**WHAT THE EXERCISE ASKS:** The entries below need to be written out exactly, with no pictures included.

(DATA EXTRACT Opens)

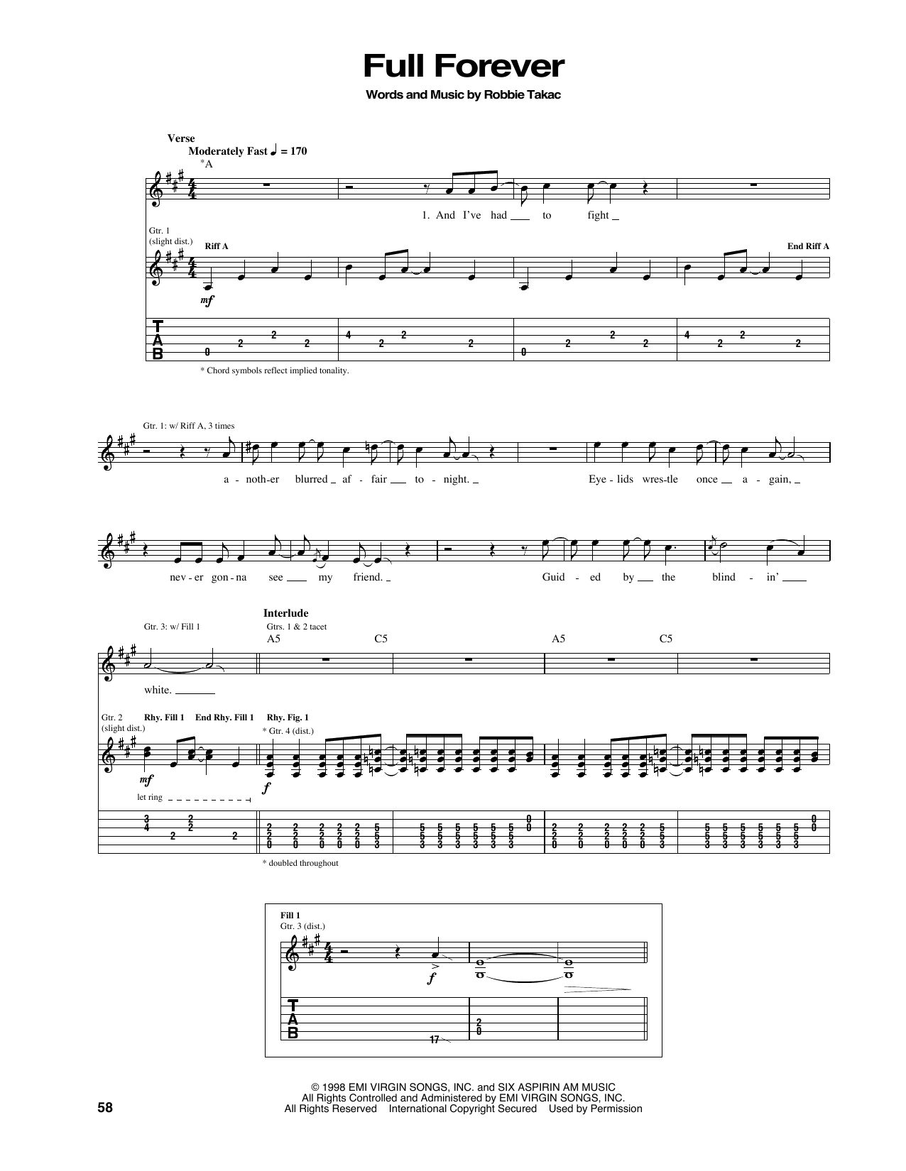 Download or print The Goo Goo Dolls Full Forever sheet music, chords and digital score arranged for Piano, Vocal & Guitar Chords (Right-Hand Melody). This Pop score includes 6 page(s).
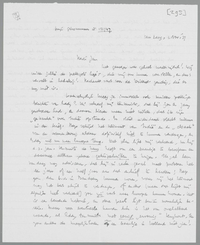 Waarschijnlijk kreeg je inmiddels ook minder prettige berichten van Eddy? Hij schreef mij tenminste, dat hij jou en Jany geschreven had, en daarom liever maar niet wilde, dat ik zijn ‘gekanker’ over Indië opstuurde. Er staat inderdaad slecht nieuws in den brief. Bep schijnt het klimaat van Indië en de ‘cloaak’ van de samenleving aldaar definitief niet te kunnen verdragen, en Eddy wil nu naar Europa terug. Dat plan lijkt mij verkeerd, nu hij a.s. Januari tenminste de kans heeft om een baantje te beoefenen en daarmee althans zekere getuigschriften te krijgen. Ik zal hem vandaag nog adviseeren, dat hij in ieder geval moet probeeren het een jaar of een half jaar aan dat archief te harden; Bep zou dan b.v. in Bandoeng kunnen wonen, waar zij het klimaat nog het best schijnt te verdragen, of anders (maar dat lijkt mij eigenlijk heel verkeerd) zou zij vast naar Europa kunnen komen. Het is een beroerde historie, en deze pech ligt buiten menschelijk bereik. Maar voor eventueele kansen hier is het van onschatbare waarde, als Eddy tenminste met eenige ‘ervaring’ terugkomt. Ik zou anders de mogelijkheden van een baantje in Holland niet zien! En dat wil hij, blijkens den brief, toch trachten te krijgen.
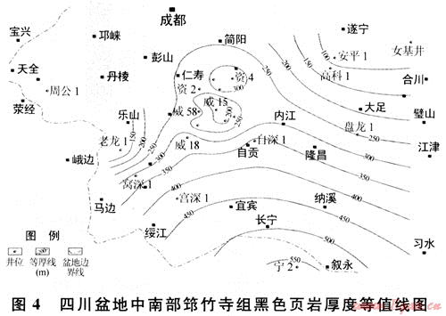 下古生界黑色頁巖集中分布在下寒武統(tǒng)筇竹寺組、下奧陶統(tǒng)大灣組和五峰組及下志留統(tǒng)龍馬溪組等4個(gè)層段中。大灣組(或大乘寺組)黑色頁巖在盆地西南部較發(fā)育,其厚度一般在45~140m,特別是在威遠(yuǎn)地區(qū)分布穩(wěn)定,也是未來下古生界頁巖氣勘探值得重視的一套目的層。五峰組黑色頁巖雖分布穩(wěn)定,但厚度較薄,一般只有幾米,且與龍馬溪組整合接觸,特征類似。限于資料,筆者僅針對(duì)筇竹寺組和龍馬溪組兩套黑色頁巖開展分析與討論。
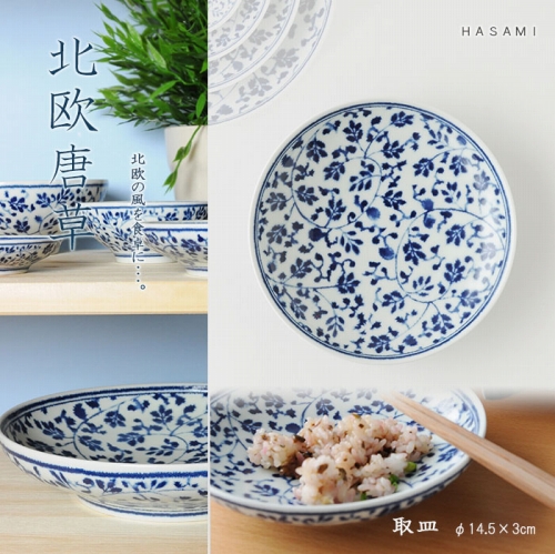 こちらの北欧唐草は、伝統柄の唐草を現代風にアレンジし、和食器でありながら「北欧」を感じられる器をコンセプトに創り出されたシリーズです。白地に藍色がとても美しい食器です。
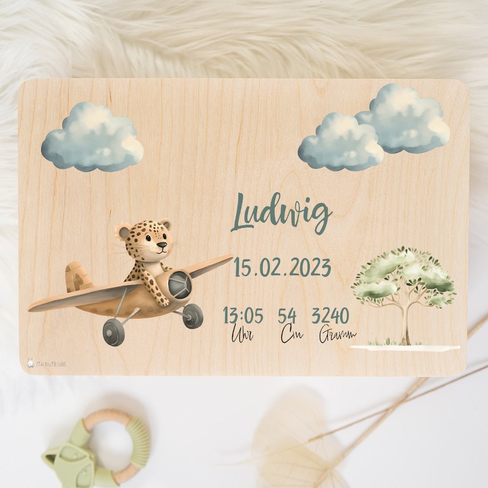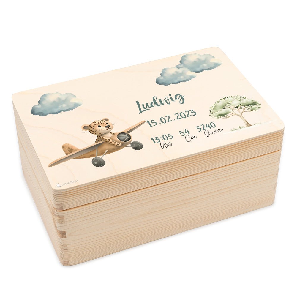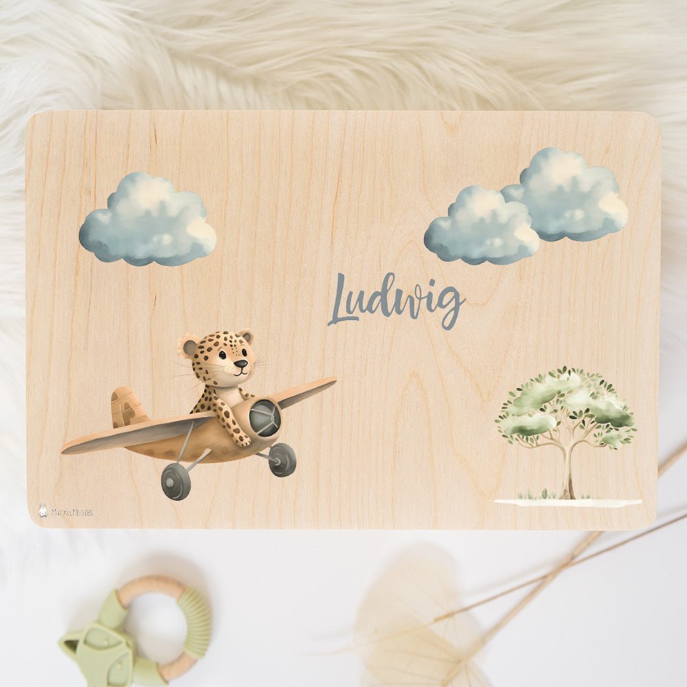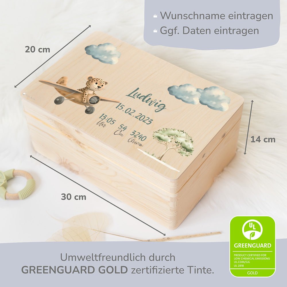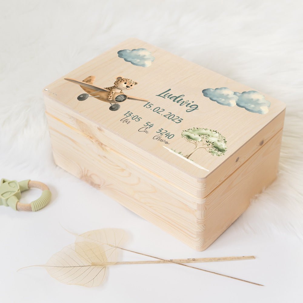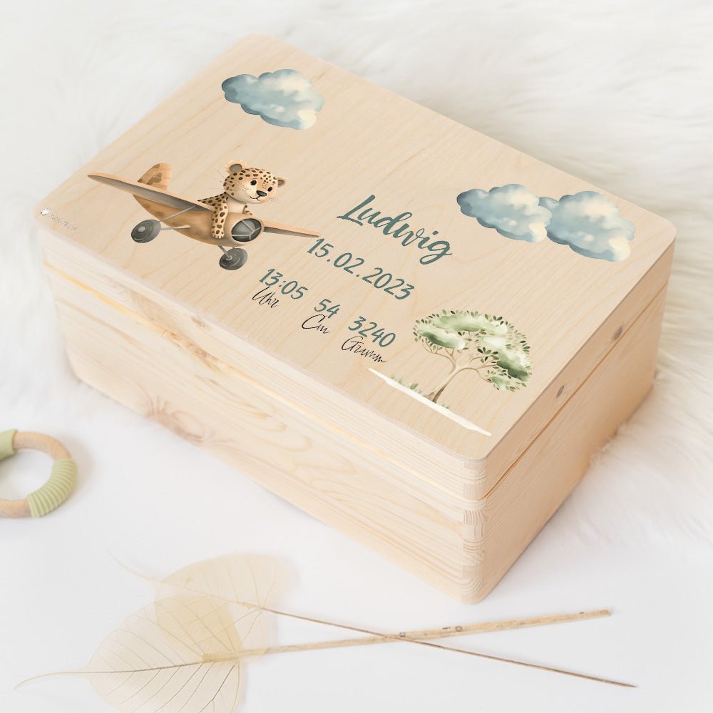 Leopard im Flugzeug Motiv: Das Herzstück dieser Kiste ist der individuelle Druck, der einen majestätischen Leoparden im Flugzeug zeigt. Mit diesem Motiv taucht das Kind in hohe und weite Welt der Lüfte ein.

(DATA EXTRACT Closes)

**OUTPUT:**
 Download or print The Goo Goo Dolls Full Forever sheet music, chords and digital score arranged for Piano, Vocal & Guitar Chords (Right-Hand Melody). This Pop score includes 6 page(s).
 Waarschijnlijk kreeg je inmiddels ook minder prettige berichten van Eddy? Hij schreef mij tenminste, dat hij jou en Jany geschreven had, en daarom liever maar niet wilde, dat ik zijn ‘gekanker’ over Indië opstuurde. Er staat inderdaad slecht nieuws in den brief. Bep schijnt het klimaat van Indië en de ‘cloaak’ van de samenleving aldaar definitief niet te kunnen verdragen, en Eddy wil nu naar Europa terug. Dat plan lijkt mij verkeerd, nu hij a.s. Januari tenminste de kans heeft om een baantje te beoefenen en daarmee althans zekere getuigschriften te krijgen. Ik zal hem vandaag nog adviseeren, dat hij in ieder geval moet probeeren het een jaar of een half jaar aan dat archief te harden; Bep zou dan b.v. in Bandoeng kunnen wonen, waar zij het klimaat nog het best schijnt te verdragen, of anders (maar dat lijkt mij eigenlijk heel verkeerd) zou zij vast naar Europa kunnen komen. Het is een beroerde historie, en deze pech ligt buiten menschelijk bereik. Maar voor eventueele kansen hier is het van onschatbare waarde, als Eddy tenminste met eenige ‘ervaring’ terugkomt. Ik zou anders de mogelijkheden van een baantje in Holland niet zien! En dat wil hij, blijkens den brief, toch trachten te krijgen.
 下古生界黑色頁巖集中分布在下寒武統(tǒng)筇竹寺組、下奧陶統(tǒng)大灣組和五峰組及下志留統(tǒng)龍馬溪組等4個(gè)層段中。大灣組(或大乘寺組)黑色頁巖在盆地西南部較發(fā)育,其厚度一般在45~140m,特別是在威遠(yuǎn)地區(qū)分布穩(wěn)定,也是未來下古生界頁巖氣勘探值得重視的一套目的層。五峰組黑色頁巖雖分布穩(wěn)定,但厚度較薄,一般只有幾米,且與龍馬溪組整合接觸,特征類似。限于資料,筆者僅針對(duì)筇竹寺組和龍馬溪組兩套黑色頁巖開展分析與討論。
 こちらの北欧唐草は、伝統柄の唐草を現代風にアレンジし、和食器でありながら「北欧」を感じられる器をコンセプトに創り出されたシリーズです。白地に藍色がとても美しい食器です。
 Leopard im Flugzeug Motiv: Das Herzstück dieser Kiste ist der individuelle Druck, der einen majestätischen Leoparden im Flugzeug zeigt. Mit diesem Motiv taucht das Kind in hohe und weite Welt der Lüfte ein.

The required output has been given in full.